Fordernde Szenen im Drehbuch

Dass der nun auf mich zukommende Fall nicht weich sein würde, war mir spätestens klar, als ich das restliche Drehbuch und damit meine anderen Szenen zu lesen bekam, zwei Tage vor Dreh. Da blieb es nicht bei dem bereits probierten Krach, nein, es kam eine deutlich delikatere Szene hinzu. Ich sollte spielen, wie ich meine Ehefrau nachts, nachdem ich betrunken nach Hause komme und mir bei einer anderen, mit der ich gerne ins Bett gegangen wäre, offensichtlich eine Abfuhr eingehandelt hatte, gegen ihren Willen zum Sex nötige. Puh. Really? I mean are you serious?



Am Set wurde natürlich Englisch gesprochen. Außer der Hauptdarstellerin, „unserem" Kind, der Wohnungsbesitzerin, die uns bei sich drehen ließ, und mir waren alle aus dem Team vom ganzen Globus: USA, HongKong, Südafrika, Frankreich, England, Spanien, Italien, Türkei, Australien, Finnland, kein Scherz.

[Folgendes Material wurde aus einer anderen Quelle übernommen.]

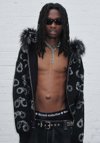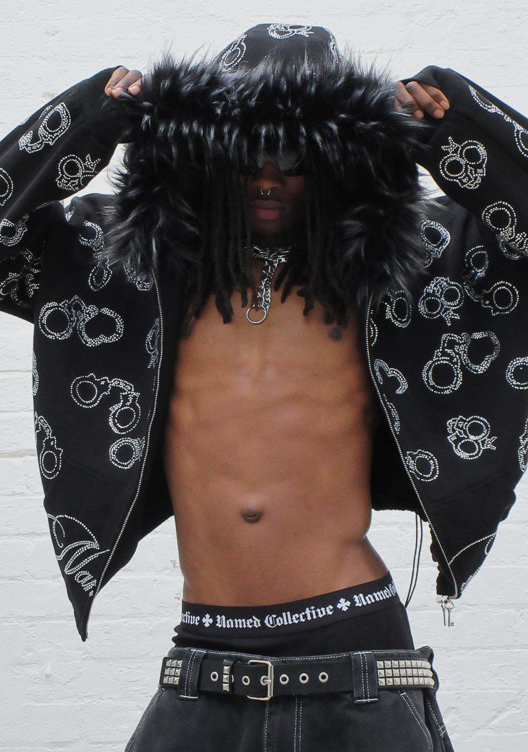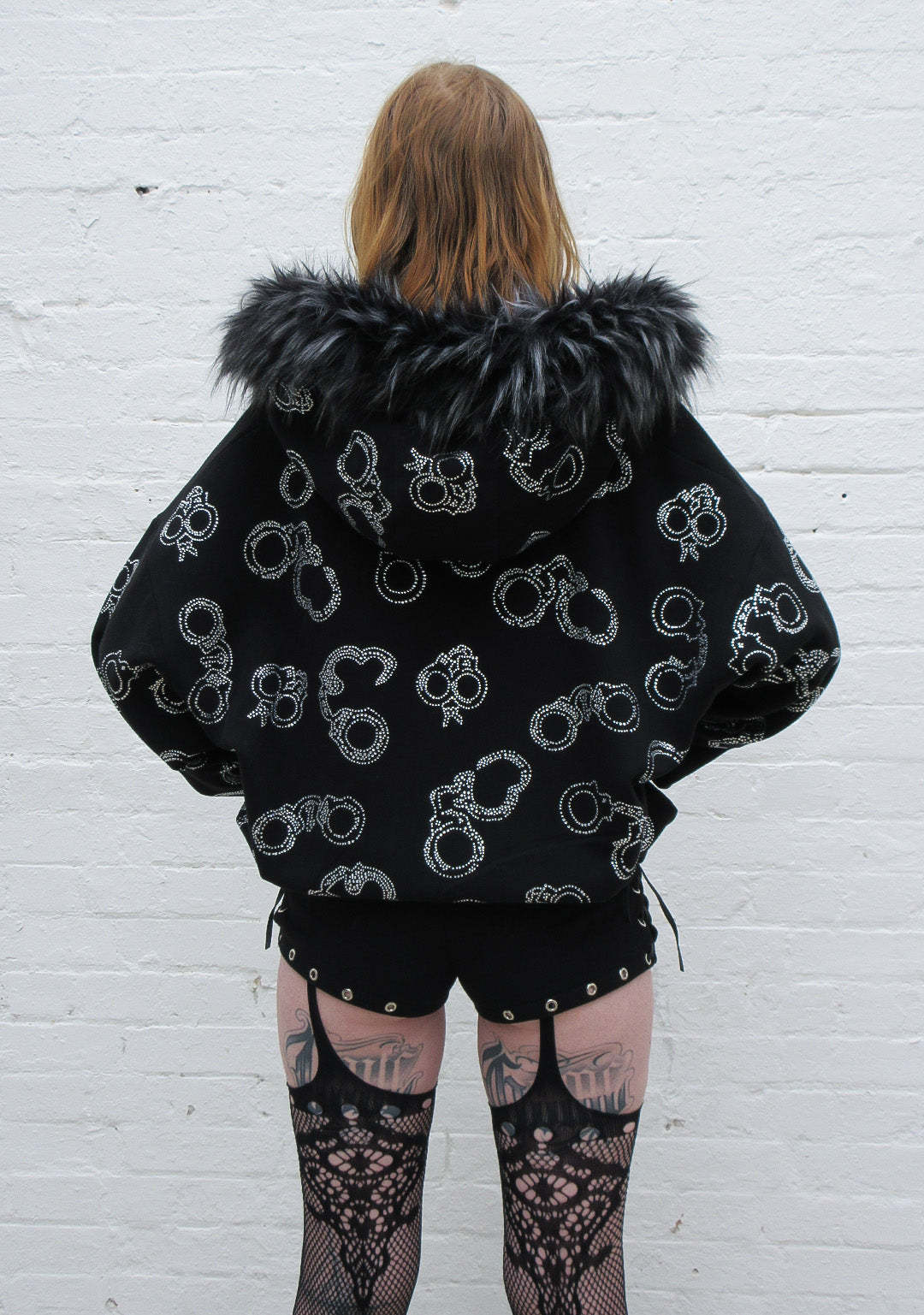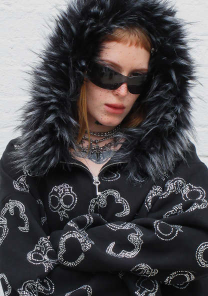HEIST FAUX FUR RHINESTONE CUFF ZIP HOODIE BLACK (DETACHABLE FUR)
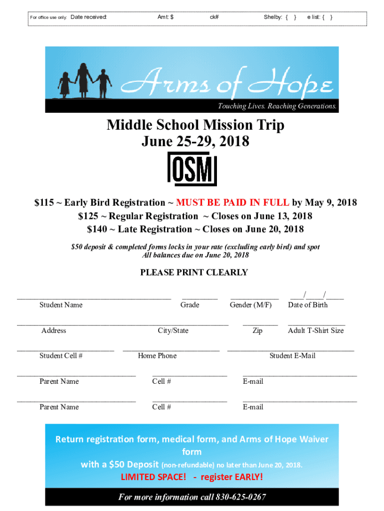 For office use only:Date received:Amt: ACK#Shelby: e list: Touching Lives. Reaching Generations. Middle School Mission Trip June 2529, $2018115 Early Bird Registration MUST BE PAID IN FULL by May
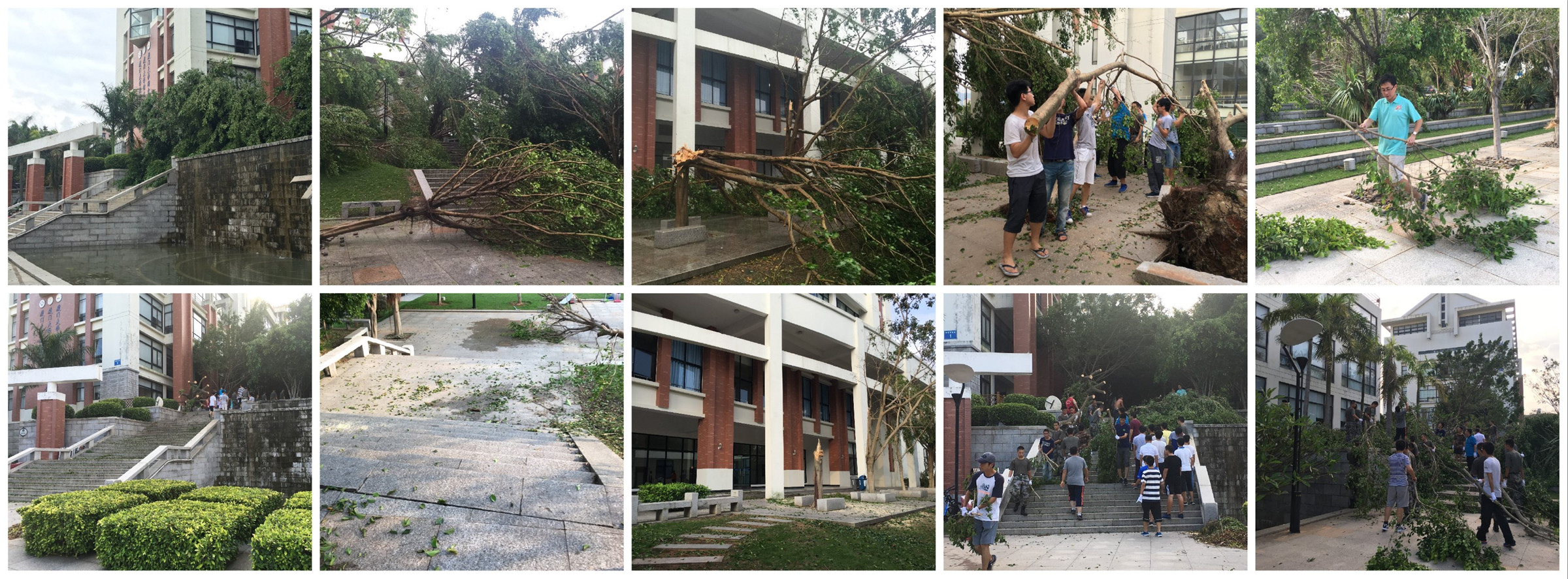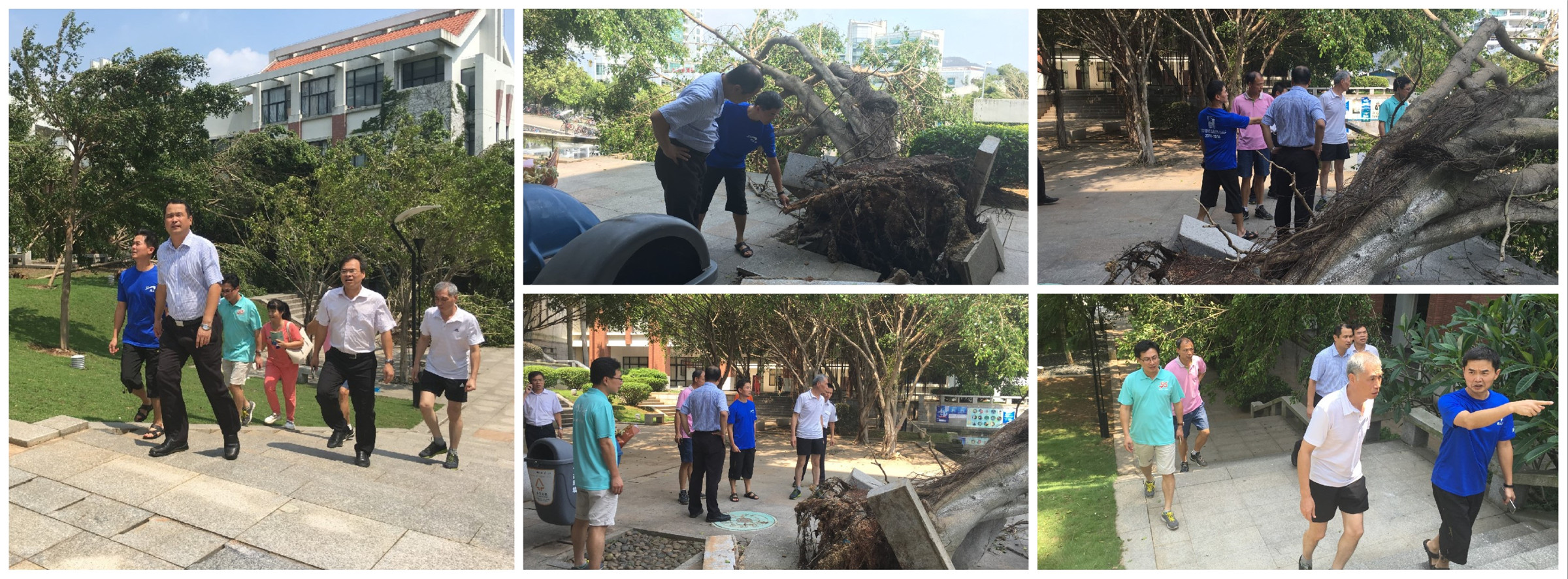 海韵园的倒伏大树阻挡了通往行政楼、教学楼、实验楼的各条主干道,为确保正常教学秩序,由9001cc金沙牵头,信息科学与技术学院、软件学院三院男生组成“海韵三院联合突击队”,连续工作4个小时,在16日天黑前抢通海韵主干道。

He was serious. Nun gut. Wie bereitet man sich auf so eine Szene vor, wenn die gefragte Handlung nicht zum eigenen Erfahrungshorizont gehört? Wie kann ich mich in die Motivation eines Mannes hineinversetzen, der ohne Rücksicht auf Verluste seine eigene Frau gegen ihren Willen als Sexobjekt missbraucht?



Glücklicherweise sollte diese Szene erst ganz zum Schluss gedreht werden, am Ende des zweiten Tages. Ich hatte also ein bisschen Zeit, Erfahrungen zu sammeln, vor der Kamera. Aber auch das war schon eine Herausforderung. Da ich so vertraut war mit allen Abläufen hinter der Kamera, Auflösung, Kamera einrichten, Lichtaufbau, Ton, fühlte ich mich eigentlich wie zum Team gehörig.



Foto Claudia Kantner
Foto Claudia Kantner


Allerdings änderte sich das schlagartig, als die erste Szene gedreht werden sollte. Es gab für mich jetzt keine andere Aufgabe mehr, als den Ehemann zu verkörpern, der morgens zur Arbeit geht und seiner Frau erklären muss, dass er nicht wie verabredet abends auf den Sohn aufpassen könne, denn er hätte eine Telefonkonferenz. Morgendliches Chaos, die Mama im Bad, der Sohn bettelt um Pfannkuchen, der Vater, also ich, ist spät dran, bindet sich die Schuhe, den Schlips und muss meiner Frau mit Charme mein offenbar zum wiederholten Male vorkommendes Vergessen meiner familiären Pflichten verkaufen. Die Szene lief ganz gut. Der Junge, war lustig und es hat Spaß gemacht, diese kleine Familie zu impersonalisieren.